## REQUIRED WORK
Only text lines belong in the answer: the lines from the first one in the records through the line with "当服务器具备了这些要求后,我们就可以进行安装Live Communication Server", copied exactly.

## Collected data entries
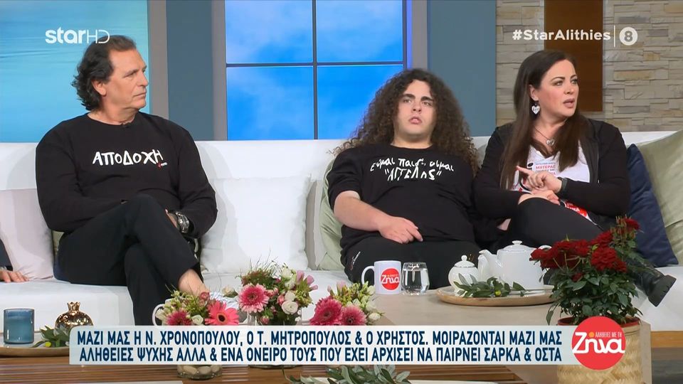 Στην εκπομπή του STAR «Αλήθειες με τη Ζήνα» φιλοξενήθηκε μαζί με τη Νένα Χρονοπούλου και τον 18χρονο γιο του, Χρήστο, ο Τάσος Μητρόπουλος.
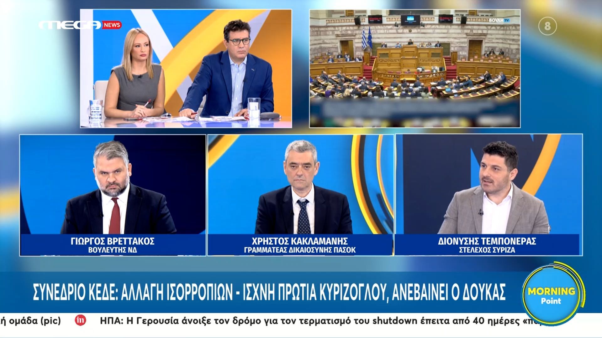 Στην εκπομπή συμμετείχαν εκπρόσωποι τριών πολιτικών κομμάτων, που παρουσίασαν τις απόψεις τους για κρίσιμα ζητήματα που απασχολούν τη χώρα. Ο Βουλευτής της ΝΔ Γιώργος Βρεττάκος, ο γραμματέας Δικαιοσύνης του ΠΑΣΟΚ Χρήστος Κακλαμάνης και το στέλεχος του ΣΥΡΙΖΑ Διονύσης Τεμπονέρας, αντάλλαξαν επιχειρήματα σχετικά με την οικονομία, τη δικαιοσύνη και την κοινωνική πολιτική.
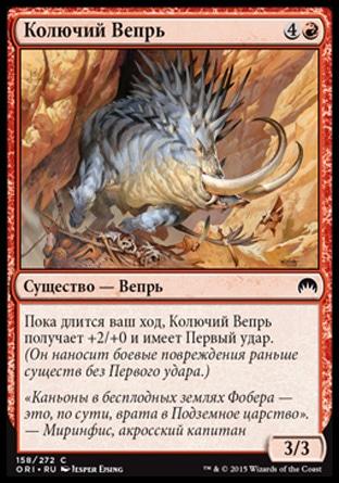 Лимитед: 3-. Отличное существо в ультра агро и не очень для остальных. Зато, если уж он вышел на первый ход, хитов 5-7 списать может из-за «угрозы».
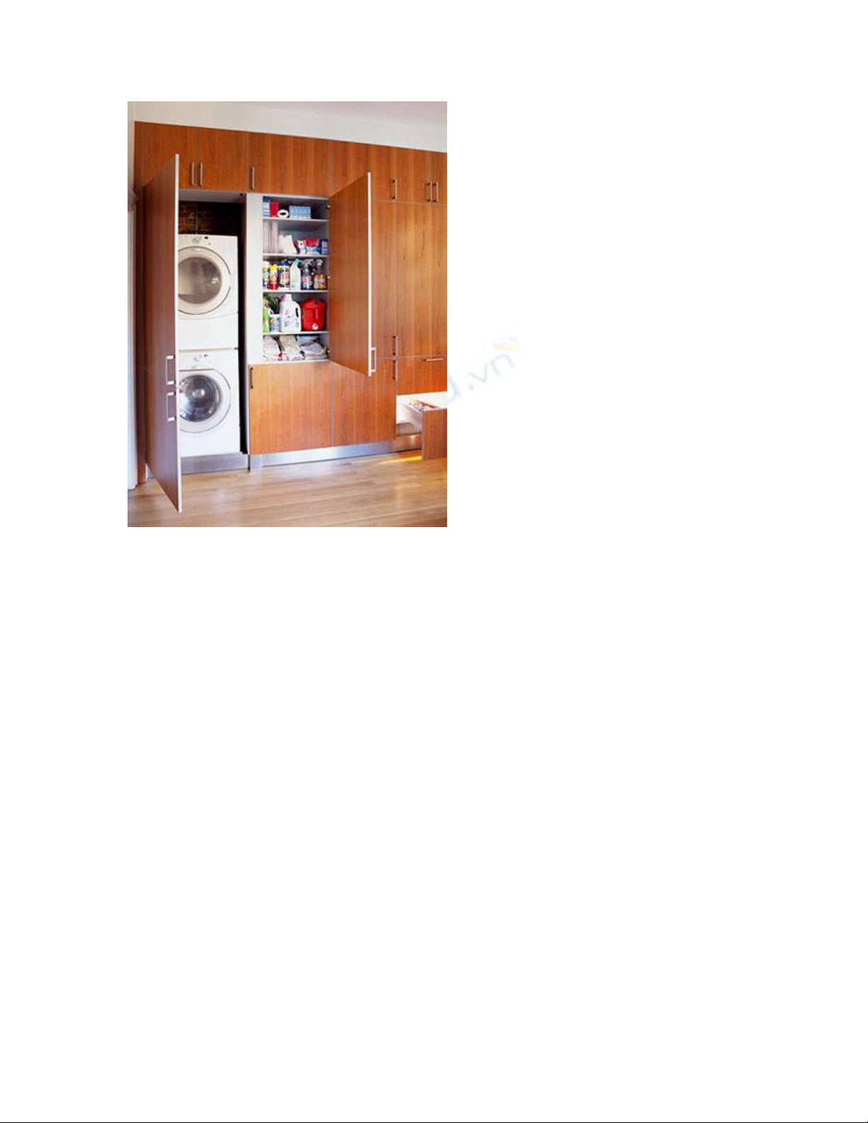 như chiếc máy giặt cũng được đưa vào các ngăn tủ.
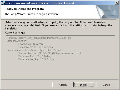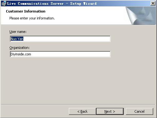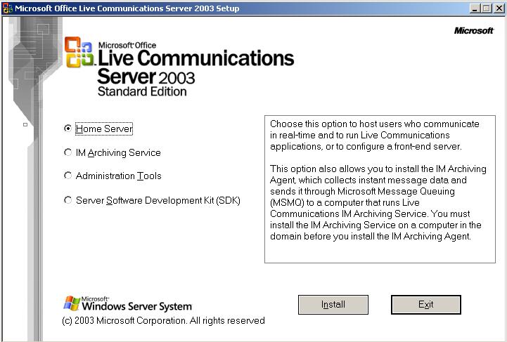 当服务器具备了这些要求后,我们就可以进行安装Live Communication Server 2003了。
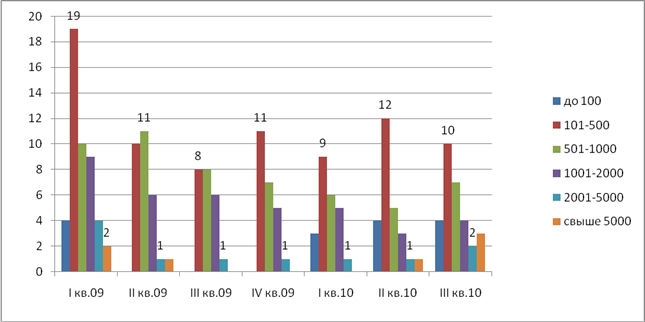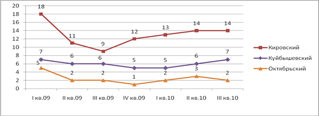 Наибольший объем предложения в Кировском районе, порядка 18 объектов. Это связано с тем, что район находится на окраине города, в промышленной зоне. Далее по объему предложения шли Куйбышевский, Железнодорожный и Октябрьский районы (порядка 6 объектов). В остальных районах объем предложения достаточно мал, а в некоторых вообще равен 0. Наибольший объем приходится на 1 квартал 2009 года, т.е. начало рассматриваемого периода и на 3 квартал 2010, т.е. на конец рассматриваемого периода.
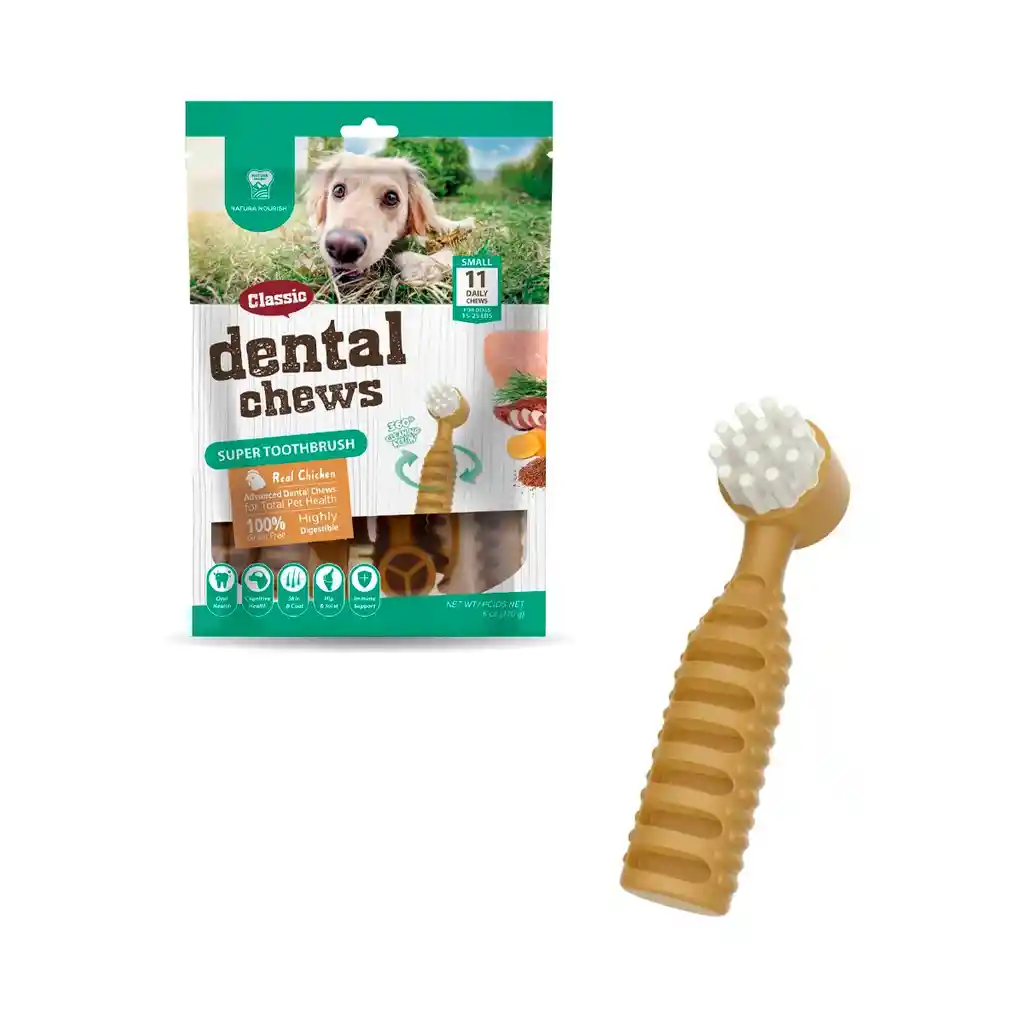 El super thoothbrush sabor pollo de Natura Nourish ofrece una solución total para la salud de las mascotas. A tu amigo canino le encantará masticar estas golosinas dentales super deliciosas, ideales para limpiar sus dientes y mantenerles el aliento fresco. Preparadas con los ingredientes más saludables para ofrecer la nutrición necesario, haciendo que tu perro pueda mantenerse saludable todos los días. Su sabor a pollo hace que sean más ricos de digerir, además, promueve la salud dental ya que con su diseño ofrece una limpieza de 360°, también ayuda a mejorar la piel y el pelaje, ayuda al sistema inmunológico y ayuda con las articulaciones y cadera. Cada bolsita de Natura Nourish incluye 11 mini thoothbrush, para uso diario intermitente o como alimentación suplementaria.
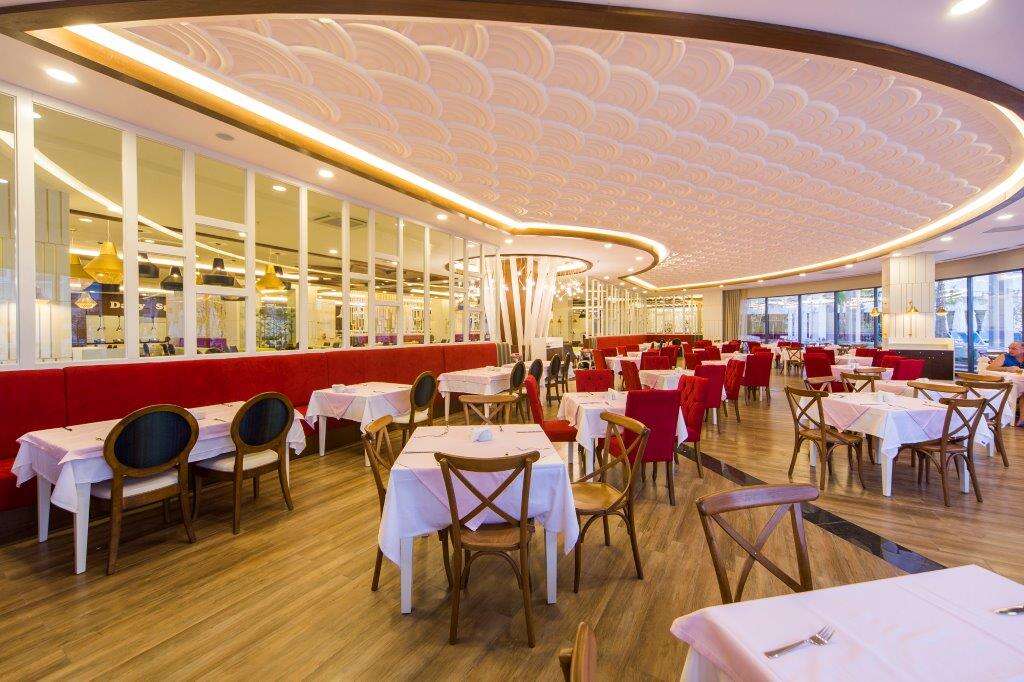 Ultra All inclusive: reggeli,kései reggeli, ebéd és vacsora büférendszerben, klései reggeli, éjszakai snack (22:00-07:00 között), éjféli leves, délutáni kávé/tea/sütemények, fagylalt (bizonyos időpontban), számos helyi és néhány import alkoholos és alkoholmentes ital (napi 24 órában), koktélok, naponta üdítők és víz a minibárból, 2 a’la carte étterem (török és mediterrán; előzetes foglalással).
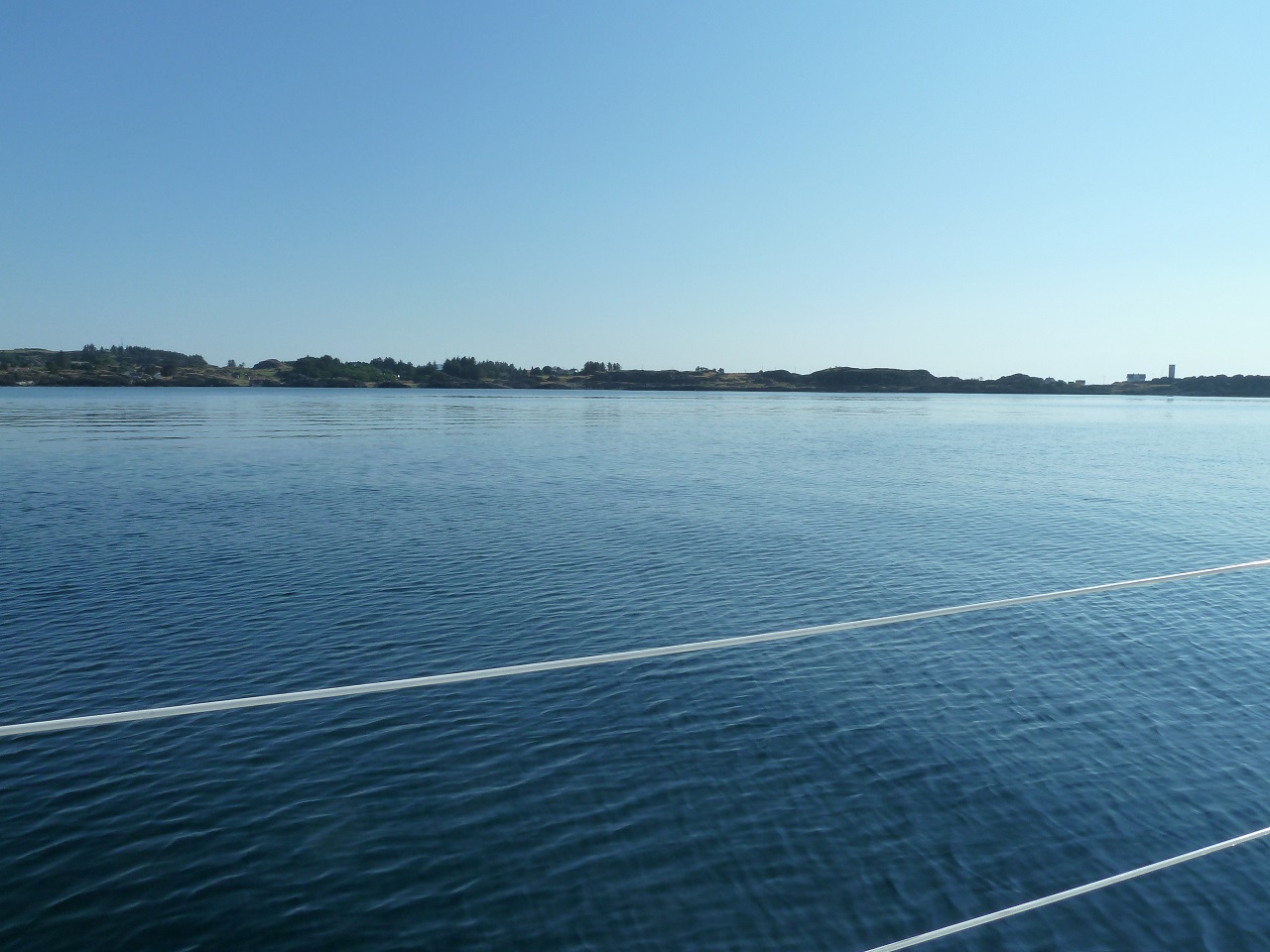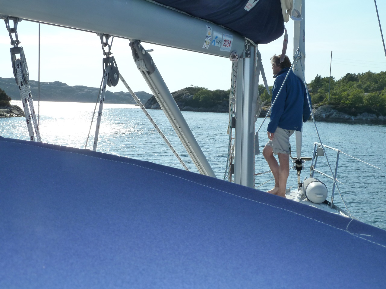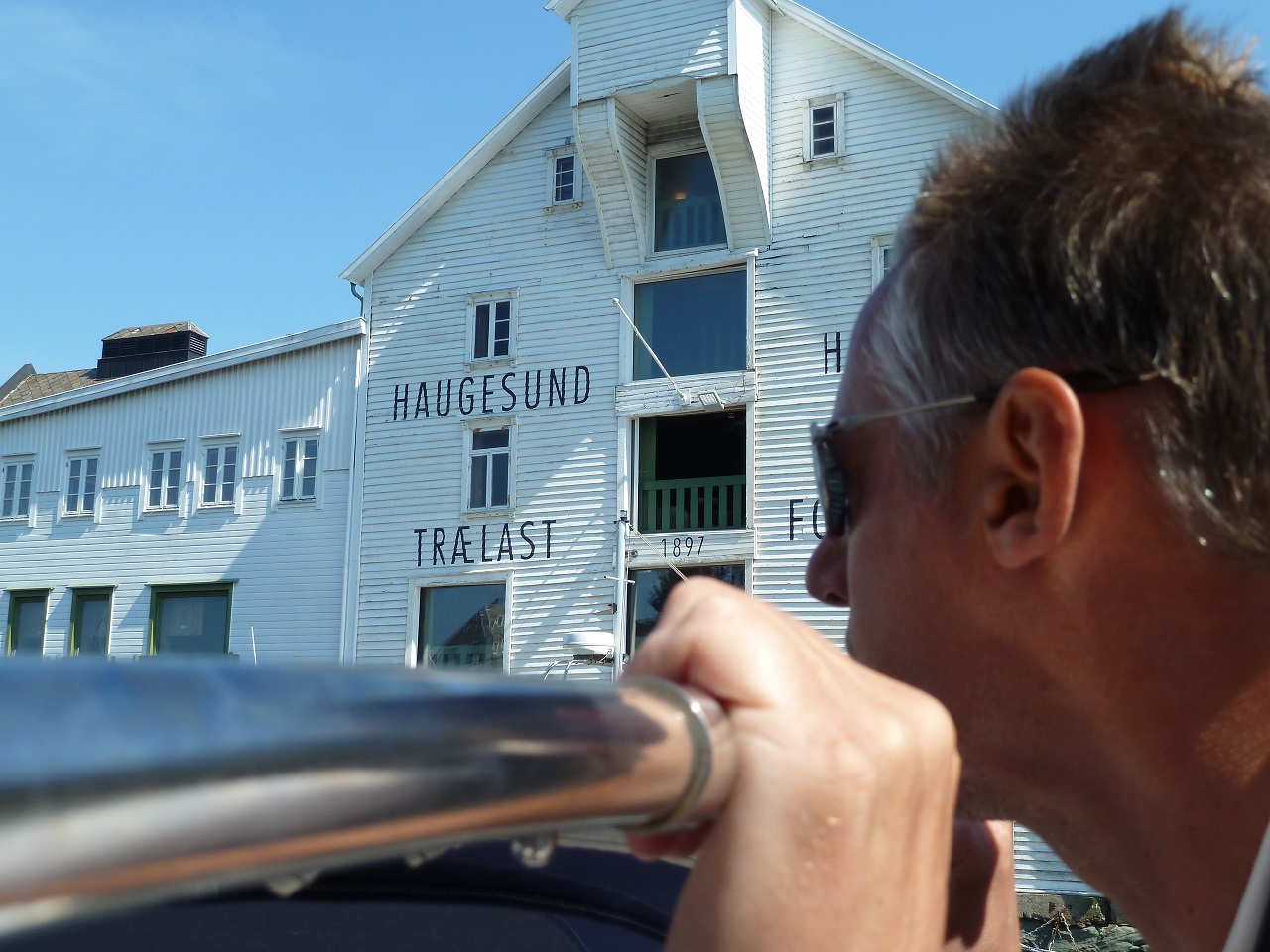 Vi forlot vakre Skudeneshavn i morgentimene og tok fatt på seilasens hittil lengste etappe – retning Bergen. I utseilingen hilste vi på Christian Radich – hvor mannskap dinglet med benene høyt oppe i mastene – ikke noen jobb for de med høydeskrekk :). Nok en gang møtte vi blikkstille hav og varm fønvind på vår vei mot Haugesund. Vi seilet gjennom holmer og skjær, flotte hytter og tung industri etter hvert som vi beveget oss langs Karmøy mot Haugesund… Oljeindustrien merkes godt. Så – på tur ut i Nordsjøen igjen fikk vi skikkelig seilvind. Av med motoren – seilene gjorde jobben! Med godt driv beveget vi oss inn utløpet av Hardangerfjorden. Heretter snek vi oss inn i fjordarmer, noen ganger trangt og uoversiktlig, men desto mer fantastisk opplevelse . I sene kveldstimer ankom vi Bergen seilforening hvor Torvald tok i mot oss med ankervin – koselig!
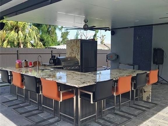 - Exterior features: Fence, Security/High Impact Doors, Sprinkler/Irrigation, Outdoor Kitchen, Outdoor Shower, Patio

## ANSWER
 Στην εκπομπή του STAR «Αλήθειες με τη Ζήνα» φιλοξενήθηκε μαζί με τη Νένα Χρονοπούλου και τον 18χρονο γιο του, Χρήστο, ο Τάσος Μητρόπουλος.
 Στην εκπομπή συμμετείχαν εκπρόσωποι τριών πολιτικών κομμάτων, που παρουσίασαν τις απόψεις τους για κρίσιμα ζητήματα που απασχολούν τη χώρα. Ο Βουλευτής της ΝΔ Γιώργος Βρεττάκος, ο γραμματέας Δικαιοσύνης του ΠΑΣΟΚ Χρήστος Κακλαμάνης και το στέλεχος του ΣΥΡΙΖΑ Διονύσης Τεμπονέρας, αντάλλαξαν επιχειρήματα σχετικά με την οικονομία, τη δικαιοσύνη και την κοινωνική πολιτική.
 Лимитед: 3-. Отличное существо в ультра агро и не очень для остальных. Зато, если уж он вышел на первый ход, хитов 5-7 списать может из-за «угрозы».
 như chiếc máy giặt cũng được đưa vào các ngăn tủ.
 当服务器具备了这些要求后,我们就可以进行安装Live Communication Server 2003了。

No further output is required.